[[ MATERIAL TO PROCESS, beginning ]]

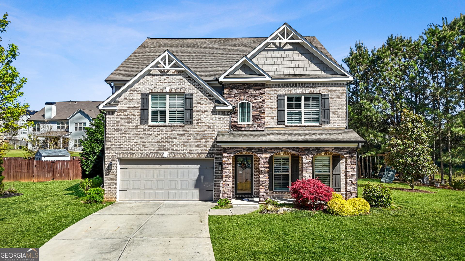 Step into this stunning dream home, located in the sought-after Ashford Crossing community. This home is perfectly positioned on a level cul-de-sac lot that offers both privacy and charm. From the moment you step into the dramatic two-story foyer, you're greeted by floor-to-ceiling custom square-paneled walls and rich 5 hardwood floors that set the tone for the elegance found throughout. Designed with both style and function in mind, this energy-efficient 4-bedroom, 4-bath home is filled with high-end upgrades at every turn. A private office with French doors and classic wainscoting creates the ideal work from home retreat, while 9-foot ceilings on both levels and a full bath on the main floor add convenience and openness. At the heart of the home, the expansive chef's kitchen is truly a showstopper, featuring 42 Aristocraft cabinetry, granite countertops, under-cabinet lighting, a butler's pantry with glass front cabinets, and an oversized island perfect for gathering. Outfitted with GE stainless steel appliances, including double wall gas ovens, a vented gas cooktop, and a French door refrigerator. This space is built for both everyday living and entertaining. The open concept layout flows seamlessly into a spacious dining area and an inviting family room, where coffered ceilings and a beautifully white washed stacked stone fireplace with gas logs create a warm, sophisticated ambiance. Upstairs, the oversized primary suite is a true retreat, complete with tray ceilings, abundant natural light, and a cozy sitting area. The spa like en suite bath features dual vanities, a soaking tub, and a tiled glass enclosed shower, along with an impressive walk-in closet. Generously sized secondary bedrooms and a versatile bonus/playroom with custom built-ins and in-wall speaker wiring provide flexible living space for any lifestyle. Throughout the home, custom 4 plantation shutters and an abundance of windows flood every room with natural light. Step outside to your private backyard oasis, complete with a screened-in patio, designer fan, extended flagstone patio with fire pit, lush landscaping, and a dedicated play area. In the backyard, a custom-built shed, complete with electricity and air conditioning offers the perfect flex space for a private office, man cave, gym, studio, or creative retreat. The garage is equipped with a 220V outlet, perfect for electric vehicle owners. Beyond the home itself, Sugar Hill continues to evolve into a premier destination, with exciting new growth, a thriving downtown, and thoughtfully planned developments that enhances both lifestyle and long-term value. Ideally located just minutes from GA-400, I-85, shopping, dining, the Mall of Georgia, and Lake Lanier, this exceptional property offers the perfect blend of luxury, comfort, and convenience.
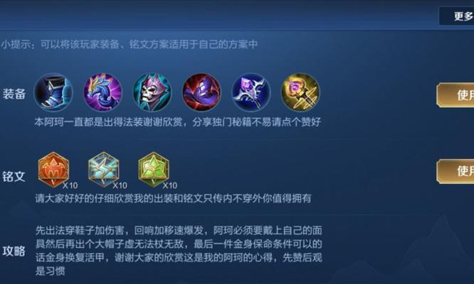 10.合理购买补给品与饰品:购买补给品和饰品可以帮助干将莫邪提升经济收益和生存能力。通过购买补给品,我们可以更快地积累金钱,购买核心装备;饰品则可以提供额外的属性加成,帮助干将莫邪更好地适应游戏局势。
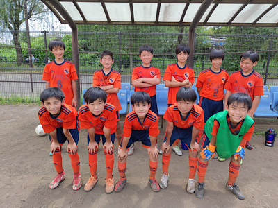 区大会も終わり、春の大会は一通り終了したので、いつもと違うフォーメーションを試そうということで4-2-1システムにてスタート。ポゼッションを高めて、マイボールは大事にしようということと、切り替えの速さを要求して試合に臨んだ。序盤こそサイドバックのポジショニングに迷いが見られたが、徐々に幅を大きくとれるようになり、コウタが左サイドをオーバーラップしてチャンスを演出するなど、いい場面もつくれた。一方でGKを使って低い位置からもっとボールを回しながら前進することはうまくできなかった。GKがボールを持っているときのセンターバックのポジショニングや、中盤の受ける姿勢など整理できていない模様。試合は11分にオーバーラップしたリンタから中でフリーになったショウキに落ち着いてパスが入ると左足で鮮やかなボレーシュートが炸裂。その直後もGKのキックをソウスケがカットしたこぼれ球をタイガが右足でズドンと決めて2-0で勝利することができた。
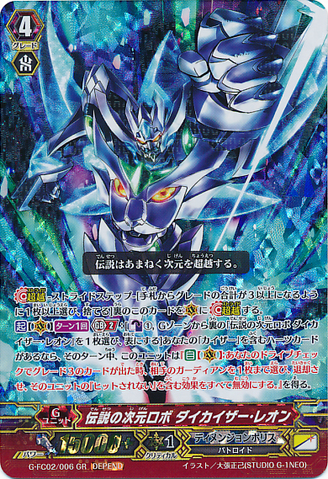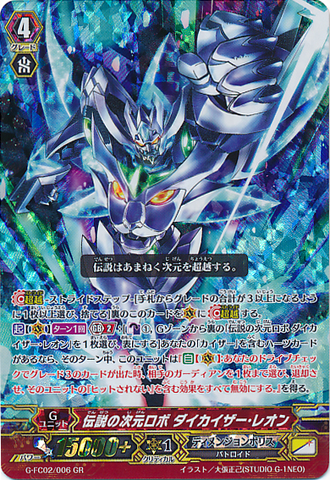 Activate [V] [1/Turn] [Generation Break (2)]: [Counter Blast (1) & Choose a face down card named 「Legendary Dimensional Robo, Daikaiser Leon」 in your G zone, and turn it face up] If you have a heart card with 「Kaiser」 in its card name, until end of turn, this unit gets 「Auto [V]: When your drive check reveals a grade 3 card, choose up to one of your opponent's guardians, retire it, and that unit's effects with 「cannot be hit」 is nullified.」.
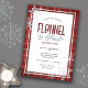 Este caloroso convite para festas de Festa Flannel e Frost apresenta uma acolhedora borda vermelha de padrão flanela acentuada com flocos de neve. Este design de convite pode ser usado para uma reunião de feriados para familiares e amigos ou para uma festa de Natal do escritório.
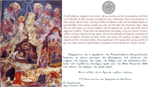 Τέλος, εύχεται όπως όλοι γίνουμε μέτοχοι της δυνάμεως, του πλούτου, της σοφίας, της ισχύος, της τιμής, της δόξας και της ευλογίας του τεχθέντος Σωτήρος.
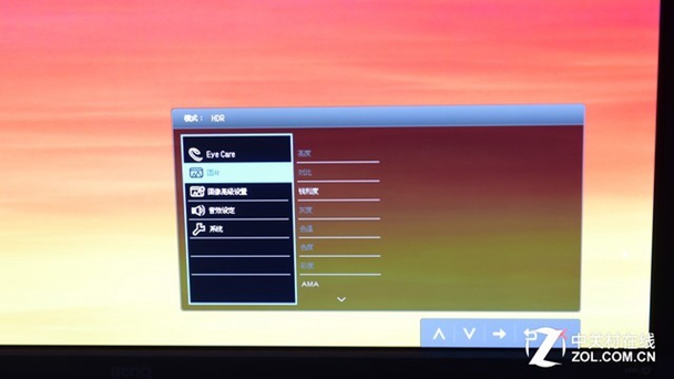图片设置中的选项和传统明基显示器差不多,都维持了选项众多、可自定义度高的特点。可调节亮度、对比度、锐利度、色温等多项参数。不过在HDR开启的状态下许多参数是没办法调整的,因为开启HDR后,显示图谱会按照一个预设好的曲线来呈现。
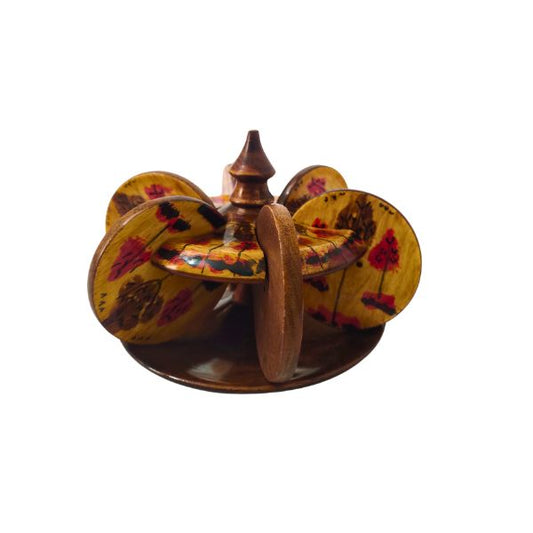 Handcrafted Wooden Dustbin in Tukri Style – Natural Sheesham Wood with Handcarved Detailing | 11” Height
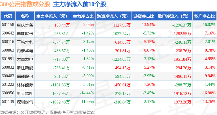 资金流向方面,380公用(000113)指数成份股当日主力资金净流出合计6.55亿元,游资资金净流入合计1.33亿元,散户资金净流入合计5.22亿元。成份股资金流向详情见下表:
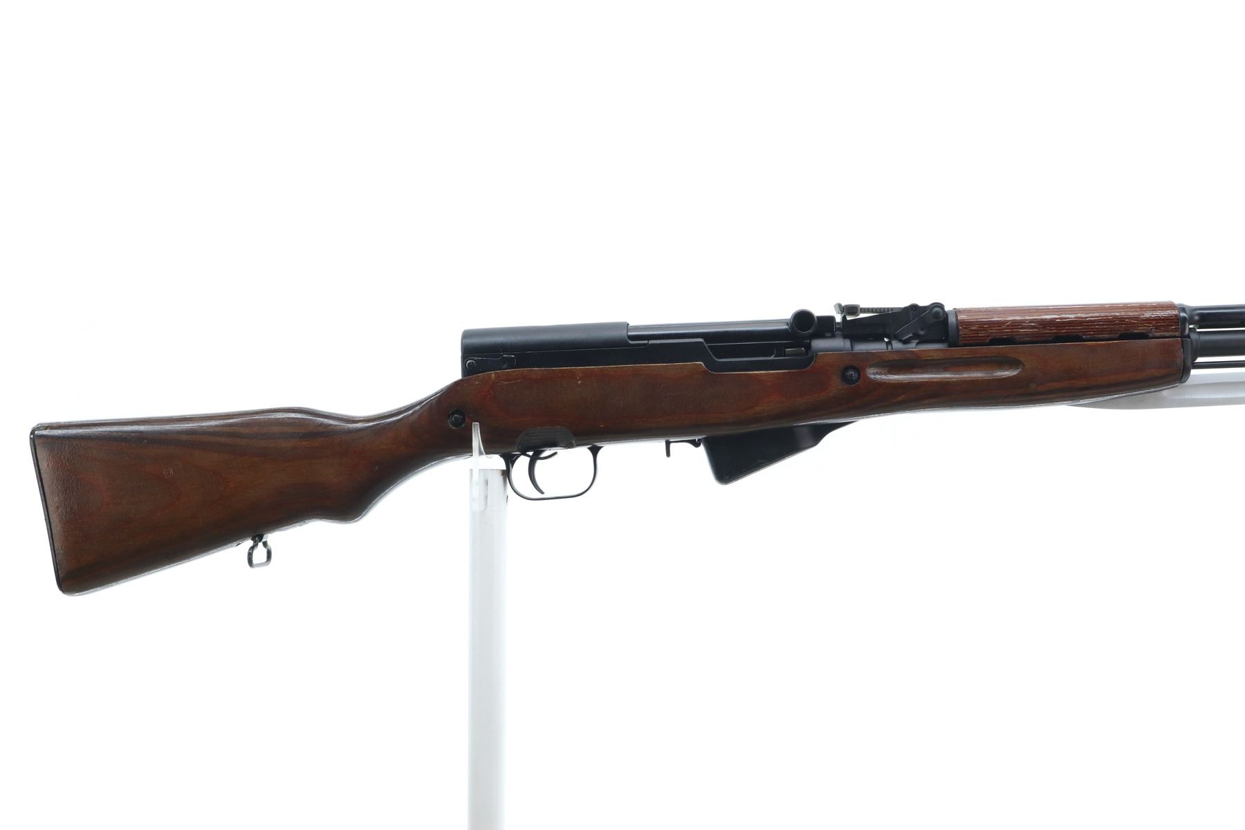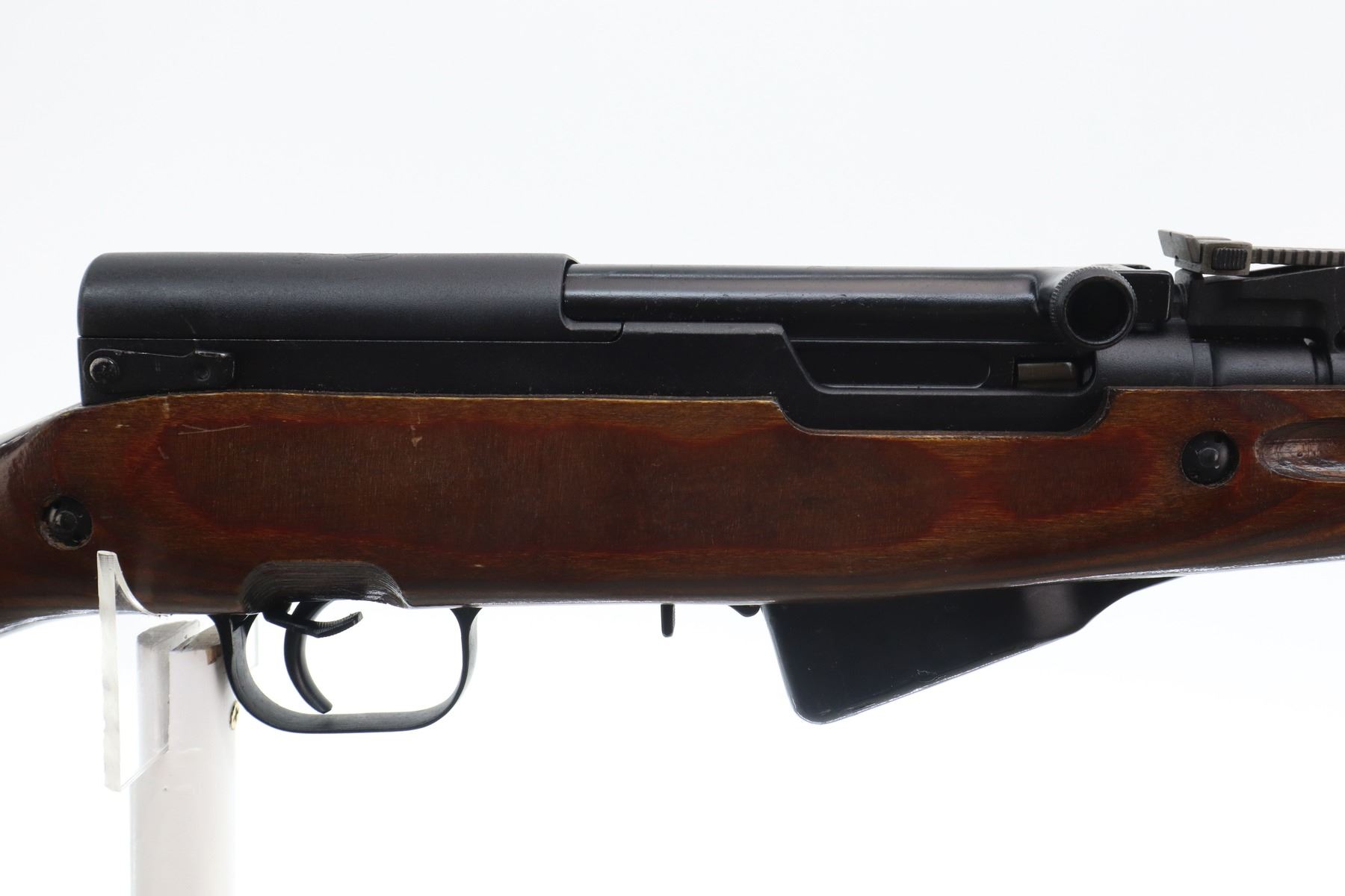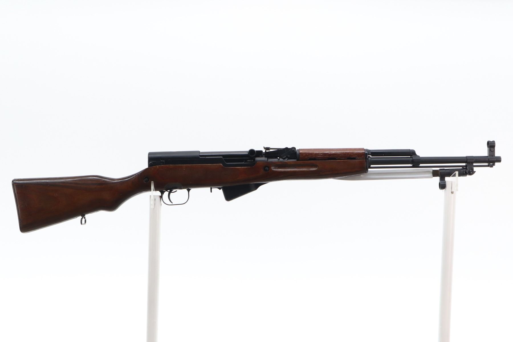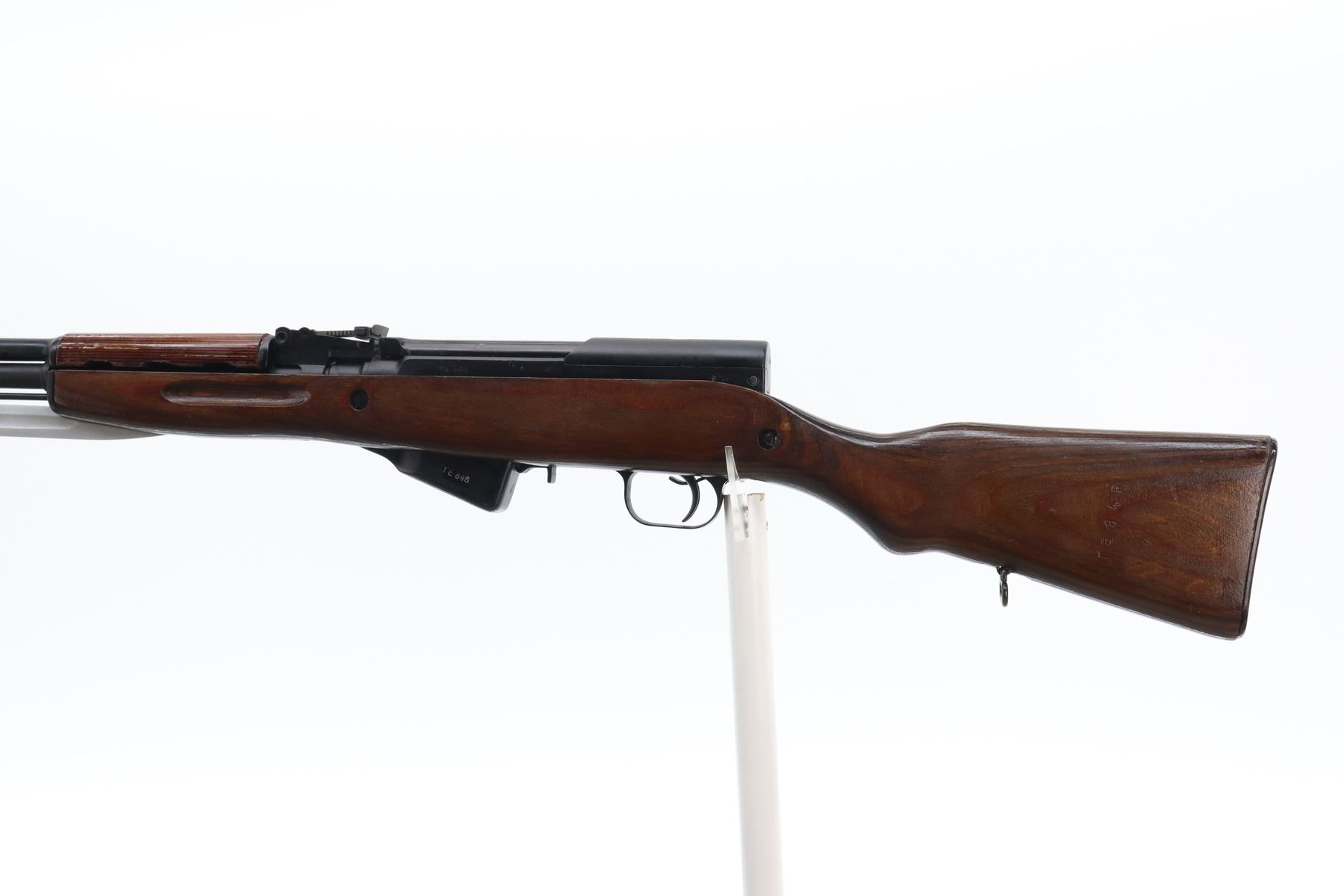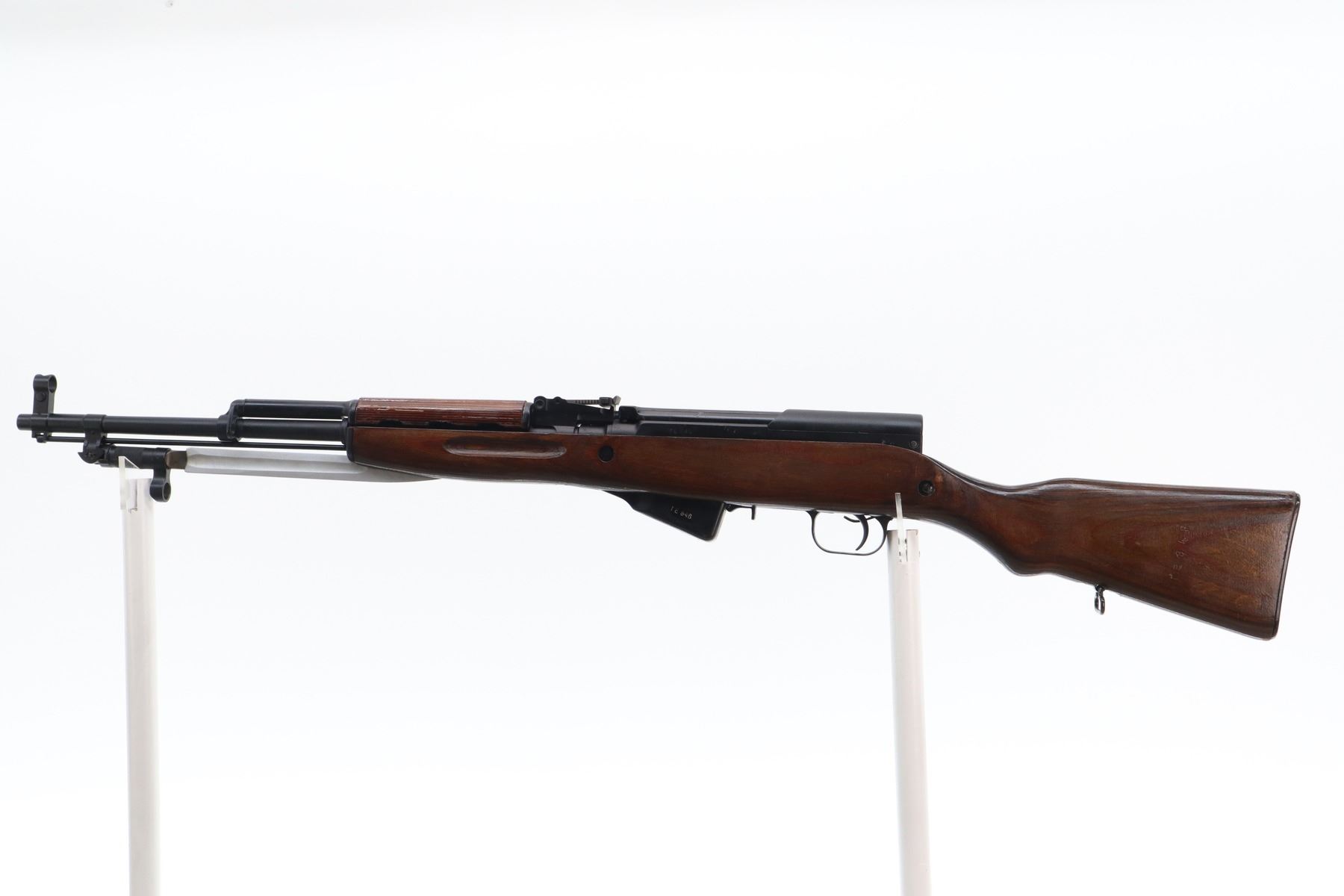 7+/10 , RUSSIAN SIMONOV , MODEL: SKS , CALIBER: 7.62 X 39 , BORE IS VERY GOOD. MANUFACTURED BY IZHEVSK 1955, ARSENAL REBUILT RENUMBERED TO MATCH. POST FRONT SIGHT WITH HOOD, ADJUSTABLE U NOTCH REAR SIGHT, BOLT AND CARRIER BLACKENED. TWO PIECE LAMINATE FULL MILITARY STOCK, FINGER GROOVED FOREND, PISTOL GRIP, SMOOTH STEEL BUTT PLATE WITH TRAP, SWIVELS, CLEANING ROD, FOLDING BLADE BAYONET. METAL FINISH SHOWS SOME SCRATCHES, HANDLING MARKS AND WEAR. STOCK SHOWS SOME DINGS, SCRATCHES AND WEAR. , ACTION: SEMI AUTOMATIC RIFLE , BARREL LENGTH: 20.25" , SERIAL: E846 , CONDITION: 7+/10 , CLASS: CANADIAN NON RESTRICTED

[[ MATERIAL TO PROCESS, end ]]

• **PROBLEM**:
Your answer is the exact run of lines above from the one with "Τέλος, εύχεται όπως" through the one with "Handcrafted Wooden Dustbin", both ends included, minus any picture.

• **RESULT OF THIS EXERCISE**:
 Τέλος, εύχεται όπως όλοι γίνουμε μέτοχοι της δυνάμεως, του πλούτου, της σοφίας, της ισχύος, της τιμής, της δόξας και της ευλογίας του τεχθέντος Σωτήρος.
图片设置中的选项和传统明基显示器差不多,都维持了选项众多、可自定义度高的特点。可调节亮度、对比度、锐利度、色温等多项参数。不过在HDR开启的状态下许多参数是没办法调整的,因为开启HDR后,显示图谱会按照一个预设好的曲线来呈现。
 Handcrafted Wooden Dustbin in Tukri Style – Natural Sheesham Wood with Handcarved Detailing | 11” Height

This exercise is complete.